Strong hands-on experience deploying observability solutions (Prometheus/Grafana/Elastic/Splunk/Datadog or equivalent)
Deep working knowledge of OpenTelemetry instrumentation and telemetry pipeline operations
Experience observing agentic AI systems: tool/function calls, orchestration, routing, memory/state, and RAG pipelines
Familiarity with Crew.ai, LangChain, Semantic Kernel, AutoGen, or similar agent frameworks
Experience with evaluation/quality monitoring and safe logging strategies for LLM systems
FinOps experience for tracking token and GPU spend, chargeback/showback, and cost anomaly detection
Experience implementing data governance controls for AI telemetry (PII redaction, retention, auditability)

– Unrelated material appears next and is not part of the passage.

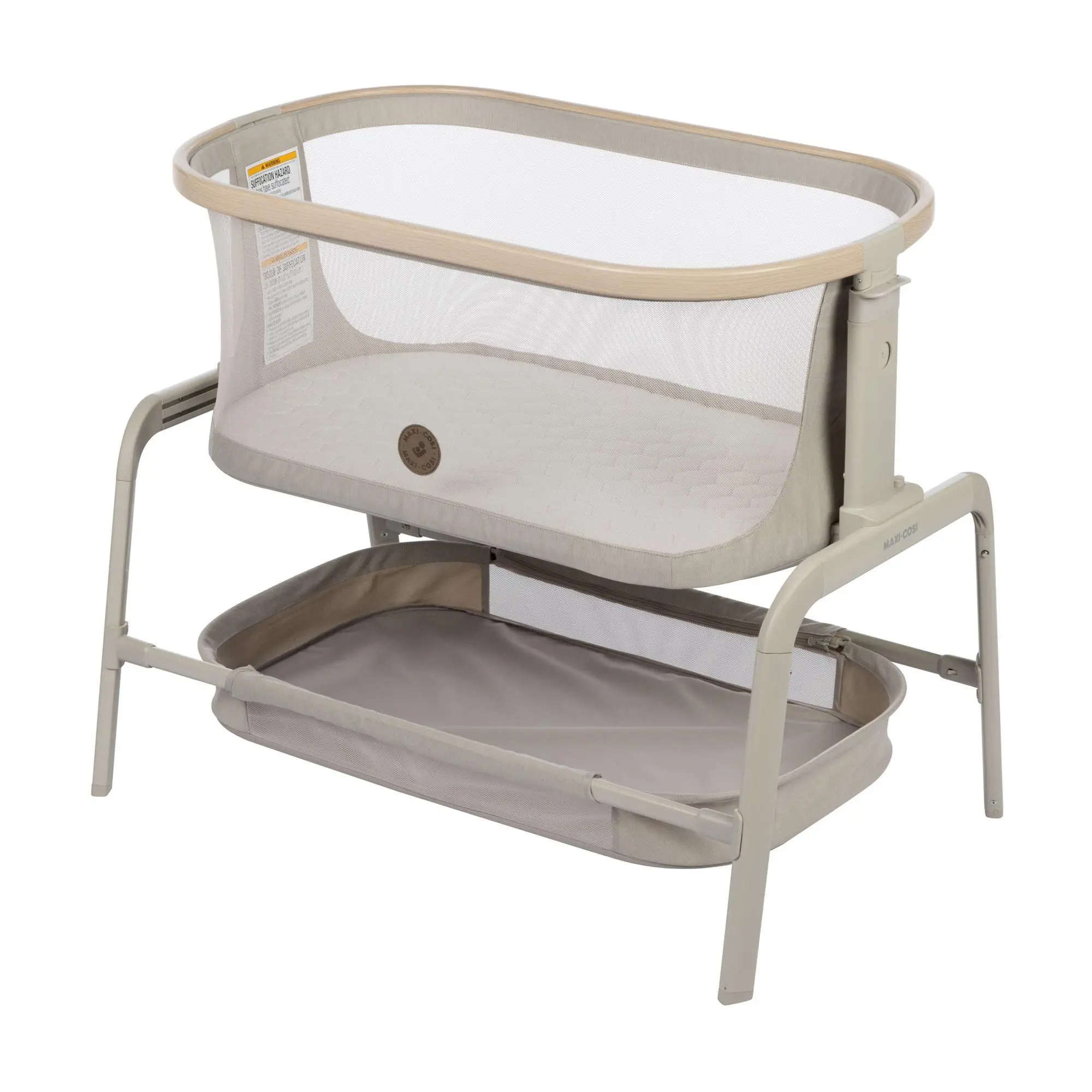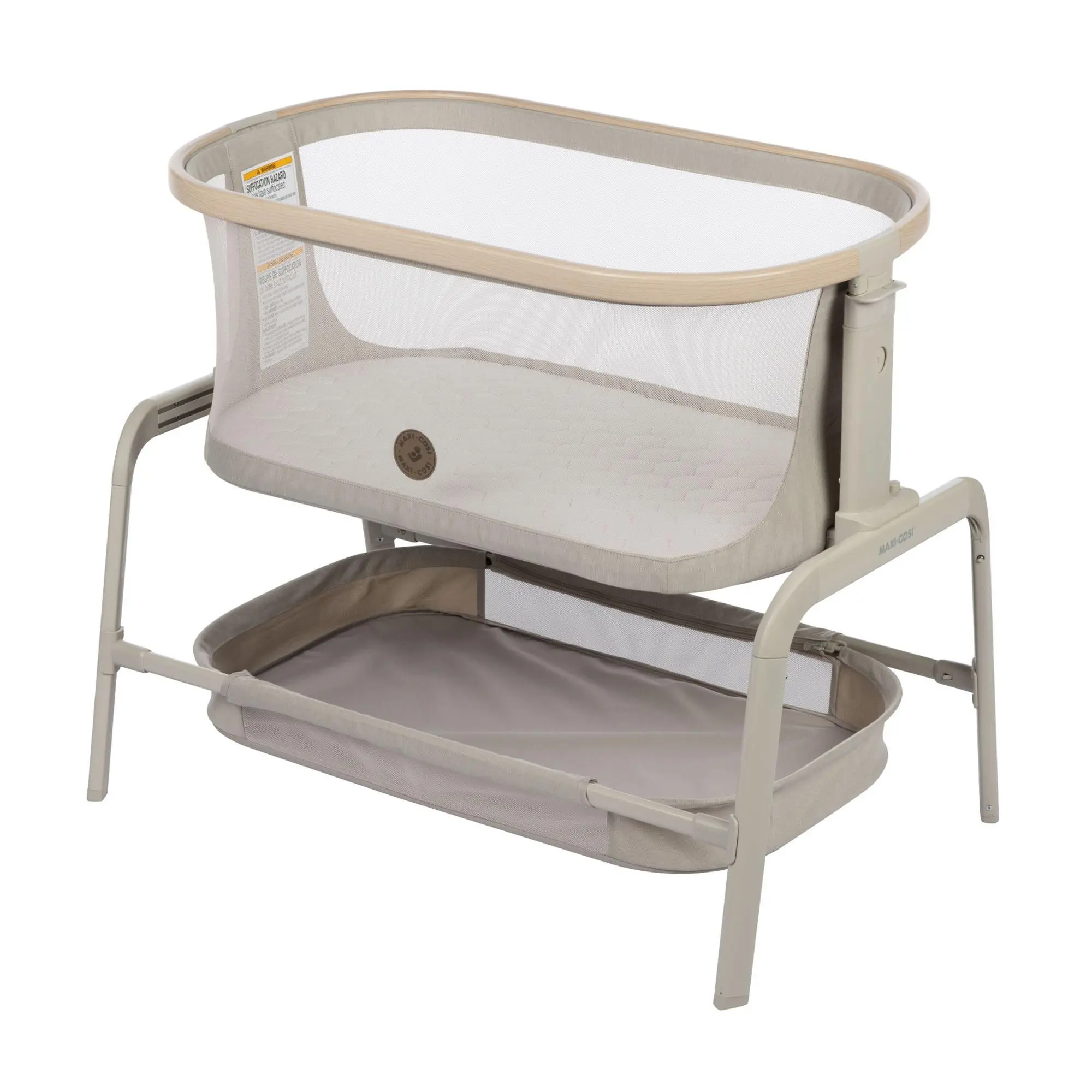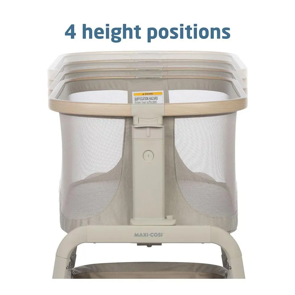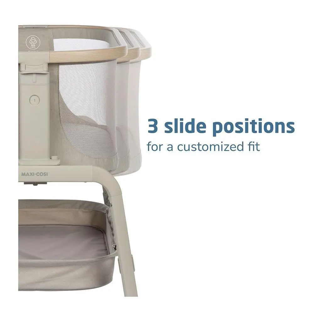 Experience peace of mind and convenience during those precious first months this bedside bassinet. The adjustable design and slide positions ensure the perfect fit next to your bed, making nighttime feedings and diaper changes a breeze. The spacious storage basket keeps essentials at hand, and the included travel bag makes it ideal for sleepovers. From Maxi-Cosi.
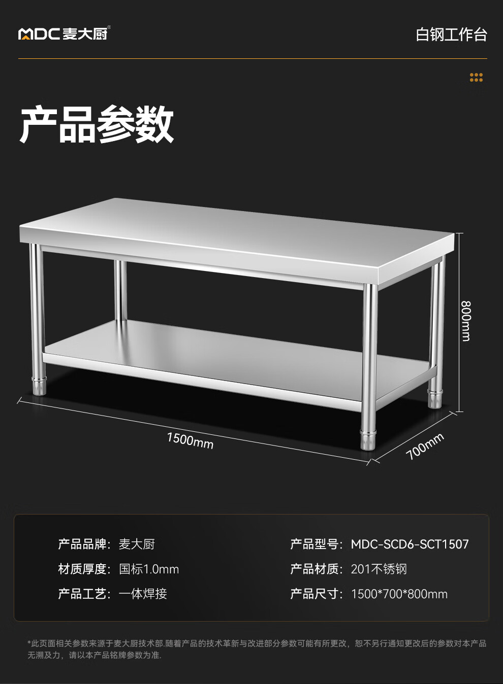 首頁 > 商廚產(chǎn)品 > 工作臺 > 雙層工作臺 >麥大廚1.5m升級款不銹鋼工作臺打荷臺雙層工作臺

Strong Kubernetes experience (AKS/EKS/GKE) including Helm, operators, ingress, and service networking
Strong automation skills (Python/Bash/Go) and CI/CD experience
Infrastructure-as-Code (Terraform/Bicep/CloudFormation)
Agent workflow tracing and telemetry correlation
Production operations and debugging distributed systems
Observability-as-a-platform enablement and automation
Strong documentation, collaboration, and stakeholder influence
Technical Proficiency: Implement monitoring for agent failure modes: tool-call failures, infinite loops, timeouts, hallucination risk signals, retrieval misses, and degraded response quality. Create alerts aligned to operational SLOs (availability, latency, tool reliability) and AI-specific indicators (cost spikes, loop bursts, retrieval anomalies). Support guardrail observability: policy blocks, content filtering events, and safety classifier outcomes (where applicable). Build onboarding automation (IaC, templates, CI checks) that makes observability default-on for all agentic services.
Problem-Solving: Ability to translate business challenges into technical solutions.
Collaboration Skills: Effective at working within cross-functional teams.
Agility: Flexibility to adapt to changing requirements and new technologies.
Communication Skills: Capable of explaining complex technical concepts to non-technical stakeholders.